Dari sini dapat diasumsikan kemudian kalau Sungai Serayu merupakan sungai suci yang bukan sekadar membagikan penghidupan bagi manusia secara tulus, akan tetapi memiliki makna simbolik yang sangat dalam. Dimana sungai tadi dapat dimaknai menjadi cinta kasih kudus yang mengalir monoton dari sang bapa atau lingga (Pegunungan Dieng) pada sang biyung atau Yoni (Laut Selatan).

Karenanya tak heran, bila rakyat yang hidup pada kiri-kanan sepanjang Sungai Serayu selalu melakukan upacara tradisi Sedekah Bumi. Upacara ini ditujukan buat berkata rasa syukur atas cinta kasih berwujud air kehidupan yang diberikan sang Tuhan melalui sungai tadi. Selanjutnya air kehidupan tadi tidak hanya bermanfaat bagi petani buat menumbuh-kembangkan tumbuhan pada ladang atau sawahnya, akan tetapi maupun buat menjaga kelangsungan hidup manusia.

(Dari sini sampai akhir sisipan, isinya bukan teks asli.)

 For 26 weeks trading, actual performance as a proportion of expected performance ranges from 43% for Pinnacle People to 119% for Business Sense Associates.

Berangkat dari mitos insiden serta penamaan, serta website Semar yang berada pada hulu serta hilir Sungai Serayu dapat dipetik aneka macam konklusi, diantaranya:

Bila ditilik dari mitos insiden, maka Sungai Serayu dapat dimaknai menjadi mozaik laris transendental Bima (manusia) yang ingin memahami ilmu sangkan-paraning dumadi (dari serta tujuan hidup). Ilmu yang merupakan kunci pada dalam mendapatkan pemahaman ilmu manunggaling kawula-Gusti yang merukan gerbang menuju paripurnaning dumadi.

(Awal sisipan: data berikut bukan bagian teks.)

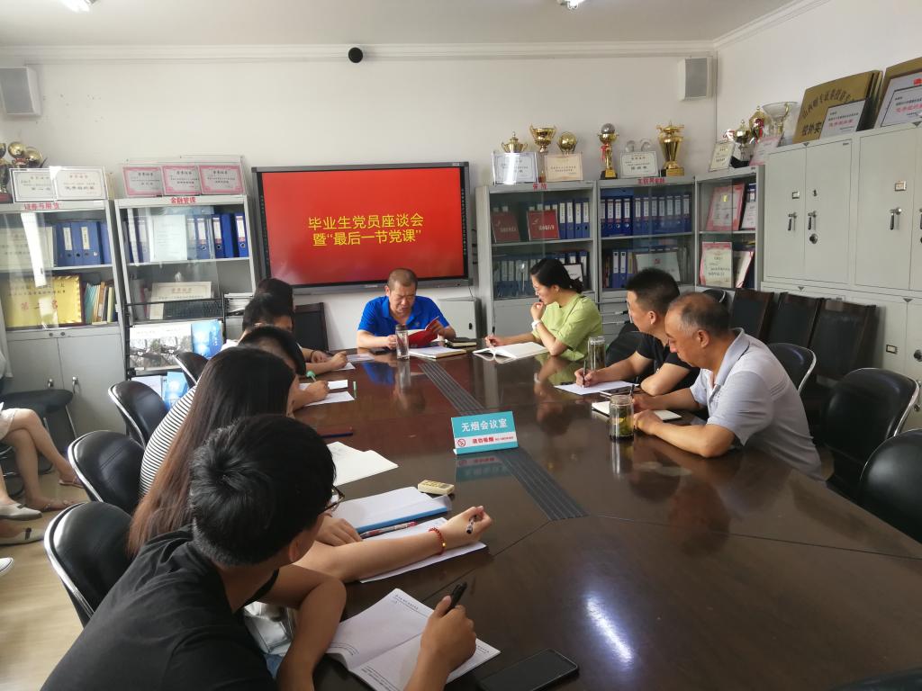 2019年7月4日上午,金融党总支学生党支部召开全体毕业生党员座谈会暨“最后一节党课”。座谈会中全体党员就学校的改革发展等发表了意见,充分肯定了母校三年来对自己的培养教育,中肯提出学院在教学管理、实验实训、学生管理等方面的建议,表示“不忘初心”无论何时何地都将以党员标准严格要求自己。

Kemudian, bila ditilik dari mitos penamaan, Serayu merupakan sungai yang berkarakter perempuan (beraliran lembut, jernih, serta bening). Karena berkarakter perempuan, Serayu tidak mirip sungai-sungai berhulu dari kaki gunung berapi yang berkarakter garang serta menyebabkan peristiwa banjir lahar dingin yang dapat membinasakan kelangsungan hidup manusia serta menghancurkan lingkungan sekitarnya.

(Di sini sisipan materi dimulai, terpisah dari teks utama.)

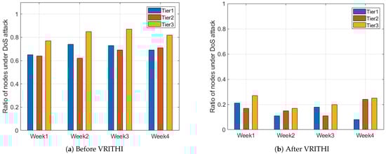 VRITHI leads to reduction of ratio of nodes under DoS attacks: (a) Before VRITHI, (b) After VRITHI.

Selanjutnya, apabila ditilik dari website Candi Semar pada Pegunungan Dieng (hulu sungai) serta patung Semar pada Gunung Srandil (hilir sungai), maka keberadaan Sungai Serayu senantiasa mendapatkan konservasi dari Semar (Sang Hyang Bathara Ismaya). Sosok dewa apawak manungsa yang selalu menjaga keselarasan kontak kosmis, yakni: mikro-kosmis (orang-orang pada kiri-kanan sepanjang tepian sungai) serta makrokosmis (sungai yang merupakan bagian dari alam raya tadi). Sekian.